Friday, August 17, 2012

Witness: Intentional, Unintentional, and Normative

All of us live in the Global Technological System (GTS). In this GTS, Olympianity is the most important religion. The GTS itself is the fullest embodiment yet of the will of the Olympian gods and of our devotion to them. Worse, the more powerful the GTS grows, the more inescapably Olympian it makes our societies, cultures, and personalities. Even as Christians and churches, we are increasingly expressing our devotion to these Olympian gods without even realizing it.

A witness is a person who tells other people about what they have heard and seen. Even though we all live in the GTS, Jesus still invites every person, each day, to witness to what they hear him saying and see him doing. Sometimes we do.

At the same time, Jesus differs from the six gods of Olympianity. We might call him the one odd god of truth, freedom, love, and vitality. When we witness to his words and actions, this makes us odd too. We can use different adjectives to qualify our witness to Jesus as the one odd god. Previously we have called witnesses to Jesus unconventional, marginal, mischievous, and radiant. We might also refer to them as intentional, unintentional, and normative.

To be a witness to Jesus of any kind, at any time, requires the grace of God. Grace is God’s unmerited love. It is a gift. It is given to us despite the truth that none of us deserve it ever.

Again, to be a witness of any kind to Jesus, God must first share his unmerited love with us in two ways. Jesus must freely speak his liberating word in love to us today. Then the Holy Spirit must freely enable us to discern, and affirm, these liberating and loving words of Jesus. Without these expressions of God’s love, none of us can be a witness to Jesus. With these expressions of God’s love, anyone can be.

Jesus does not limit his liberating and loving words to people who call themselves Christian. He speaks to every person because he loves every person. Some people, by his grace, discern and affirm his words and call themselves Christians. We may regard them as intentional witnesses to Jesus.
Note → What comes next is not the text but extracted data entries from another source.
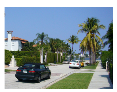
Access to the Intracoastal Waterway is contributing to rising property values and development pressure in many of the city's historic districts.
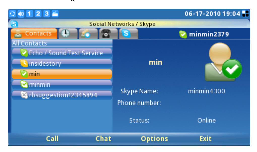
Figure 19: Skype Contact List

To chat with a Skype contact, go to the tab "Contact" and select the contact person. (See Figure 19) Press "Chat" to initiate the chatting window.
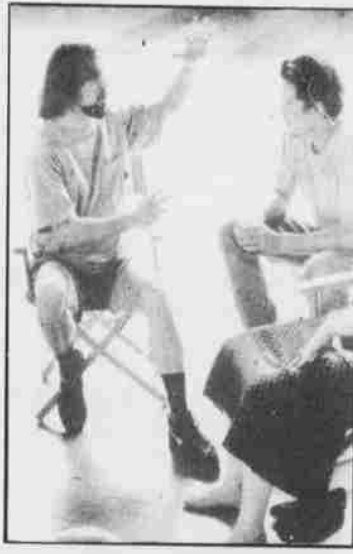
Richard Linklater, famed director of Slacker , has his new film Before Sunrise premiering this Friday at Sundance.

Legends of the Fall A Darkhorse In the Pack Reading the remarks from critics directed towards the recently released Legends of the Fall , I was inclined not to watch it. Gene Siskel is one of few critics who gave this film an 'A' rating, with Roger Ebert giving it a 'B'. However, it seems as though Peter Travers of the Rolling Stone and the rest of the critical mass has opted to denounce Legends of the Fall . The actual film, in my mind, proved to me one thing. Even if everyone in the entire world pans a film, still watch it if you want to. Legends of the Fall is one of the best movies I've seen in 1994-95. The cinematography was spectacular; absolutely fantastic. Cin-
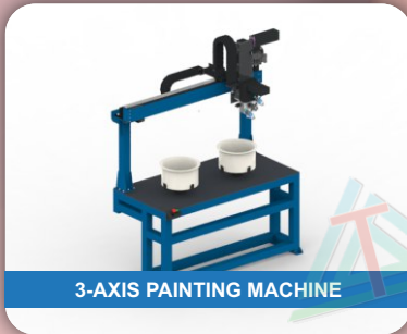
3-AXIS PAINTING MACHINE
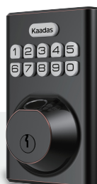
Oil Rubbed Bronze
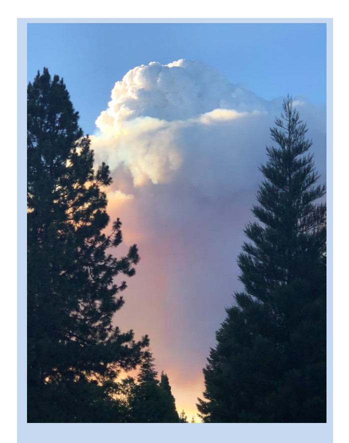
The Lava Fire raged near Mt. Shasta in Northern California in 2021.

W.A.T.E.R. has begun participating in local efforts to ensure forestry practices evolve from the current practices designed to prioritize timber harvest to a much needed ecological approach that is designed to prioritize carbon sequestration, protection of water resources and prevention of severe wildfires. By participating in a local "Stop Clear Cutting" group, providing input on forest service timber management plans and collaborating with other local groups, we are helping elevate the voices demanding a very different vision of the role our public forests play in facing the challenges of climate change.
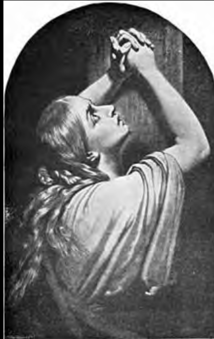
Mary Magdalene by Ary Scheffer (1795–1858).
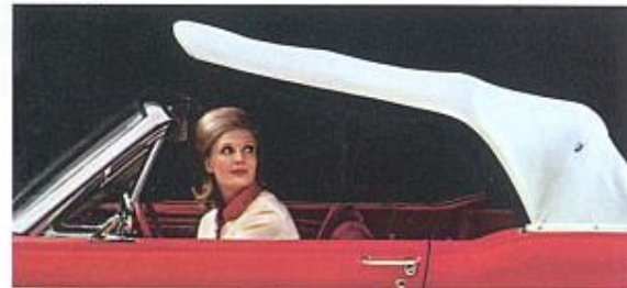
Power top is one of over 70 options
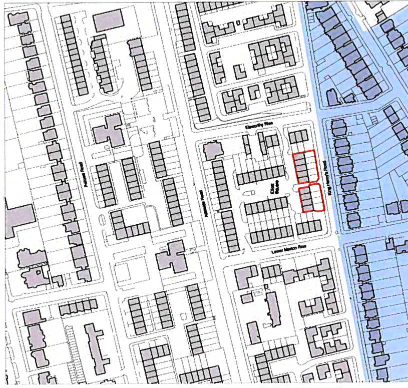
Location Plan (Scale 1:1250)

Handwritten notes and signatures on the right side of the site plan, including 'BA', 'AS', 'CS', and 'BA'.
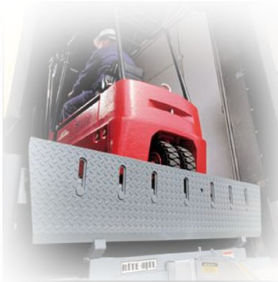
Safe-T-Lip Dock Levelers Helps prevent costly falls from vacant loading docks.
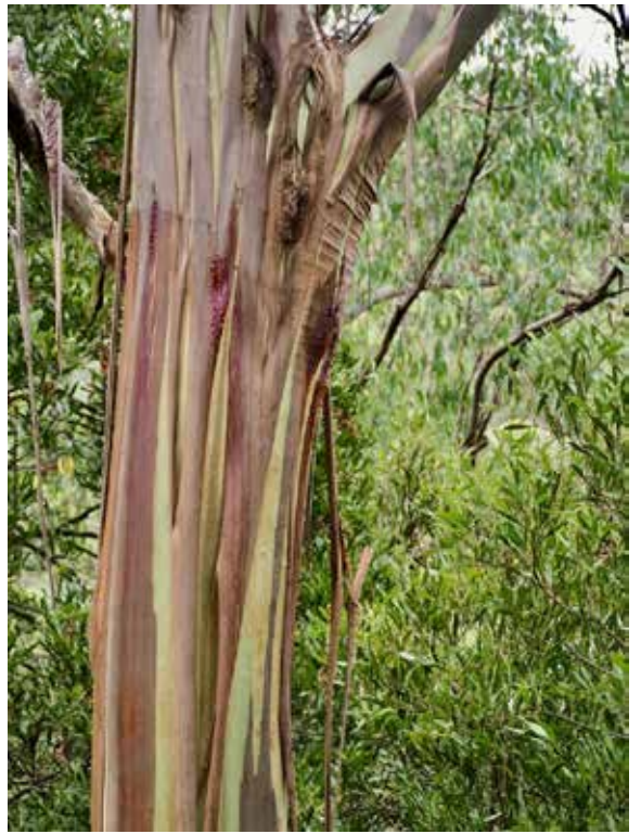
Lyn Fowler - Beautiful Bark

Other people, by his grace, respond to his words but do not call themselves Christians. They call themselves Jews, Muslims, or even Olympians. Even so, when they speak or act in ways that witness to the truth, freedom, love, and vitality of the one odd god, then they too are witnesses to Jesus. We might call them unintentional witnesses.

To know whether we are witnessing to our unconventional Jesus or to the always conventional gods of Olympianity, we need some kind of standard against which to measure ourselves. For that Jesus gives us the Bible. Jesus delights to use, even today, the words of the Bible to serve as our normative witness to him. Even today he takes the words of the Bible, more than any other words, and speaks through them to us to provide us with the clearest possible sense of whether we also are witnessing to him or not.

It is not what we call ourselves. It is not how others see us. We live as witnesses to Jesus whenever, but only, at those times when we share his truth, freedom, love, and vitality with others. But whenever we do that, we do that solely by his grace. And for that we may be truly grateful.